La manière de gérer la ville est l’objet de la seconde partie intitulée Vivre la ville. Des études empiriques ont été menées sur le renouvellement du personnel politique au fil des élections municipales mais aussi sur la place des zones franches dans la ville. A contre-courant des thèses de Mike (Planète bidonvilles, 2005 ou Le pire des mondes possibles, de l’explosion urbaine au bidonville global, 2006), Jean Goulet montre que les bidonvilles sont des espaces urbains plus structurés qu’il n’y paraît. Il montre cela à partir d’une étude menée dans les bidonvilles d’Haïti en 2003. La question des mobilités est aussi analysée. Luc-Normand Tellier montre que cette question est intimement liée à celle de l’impôt. Pour lui, au lieu de taxer le foncier, il faut taxer les mobilités en mettant en place des péages urbains. En inversant la donne, on réduira les mobilités génératrices de pollution et d’étalement urbain. Car, en France comme au Québec, la maîtrise de l’étalement urbain est loin d’être parfaite. Vingt cinq ans après la loi sur l’aménagement et l’urbanisme, qui devait instaurer la décentralisation du pouvoir aux collectivités locales, il apparaît que les dérives technocratiques de la loi ont accru les lourdeurs administratives plutôt que de permettre un développement régional efficient. Par ailleurs, la ville n’est pas vue comme une entité qui fonctionnerait seule mais comme le reflet de la mondialisation. « La production et la distribution de richesses, la prospérité et la paupérisation, la dynamique des réseaux sociaux ne peuvent être explorés sans considérer l’intégration économique mondiale et les effets sur la transformation de nos milieux de vie ».

Le nombre important de participants à cet ouvrage, comme le titre un peu « fourre-tout », est responsable d’un manque d’unité de l’ensemble. La diversité des textes est extrême. Certains sont très pessimistes, comme le texte de Carolle Simard sur les incivilités ou celui du philosophe Christian Saint-Germain sur la solitude urbaine. « Les villes modernes n’existent pas pour abriter des hommes.

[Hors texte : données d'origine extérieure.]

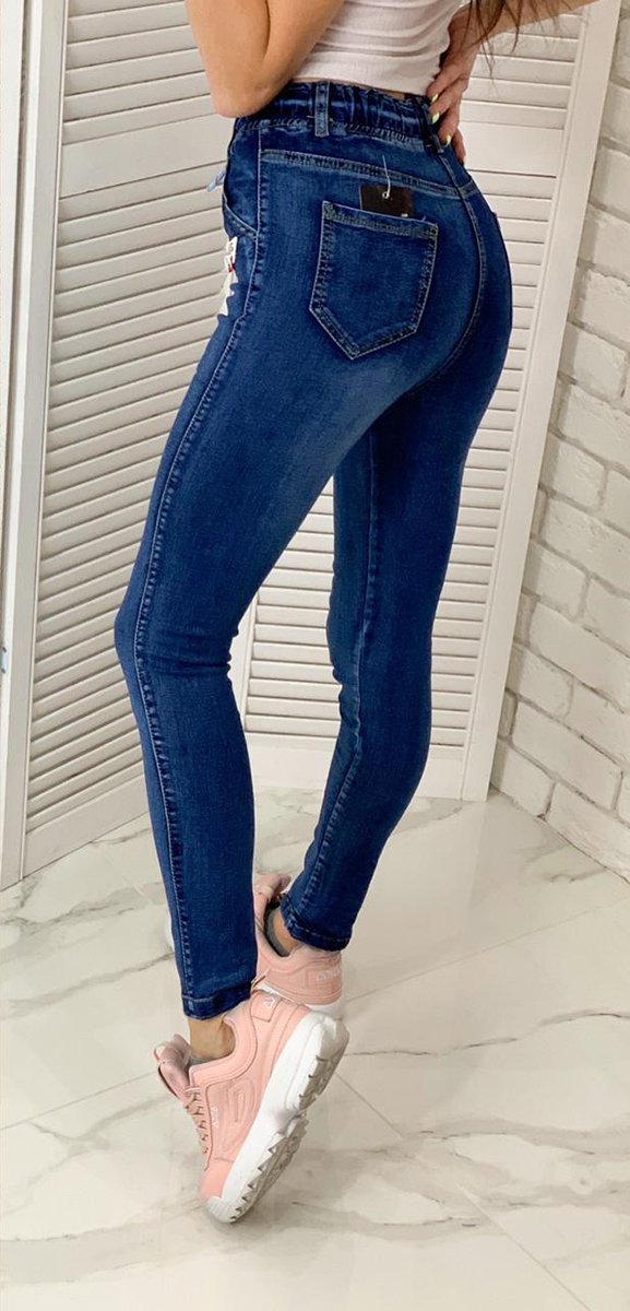 Описание: Джоггеры женские синего цвета с потертостями, зауженные, с высокой талией. Пояс на резинке со шнурком. Есть шлевки под ремень. Есть четыре кармана.

Elles sont des ruches d’illusion pour la conscience nomade. » D’autres textes sont optimistes comme celui de Michel Maffesoli avec son idée de « reliance », inspirée de la « médiance » d’Augustin Berque. La diversité est telle que l’absence de conclusion à l’ouvrage peut, peut être, s’expliquer par le désarroi du directeur de publication face à des contributions aussi variées. C’est du moins l’impression que l’on a quand on ferme le volume.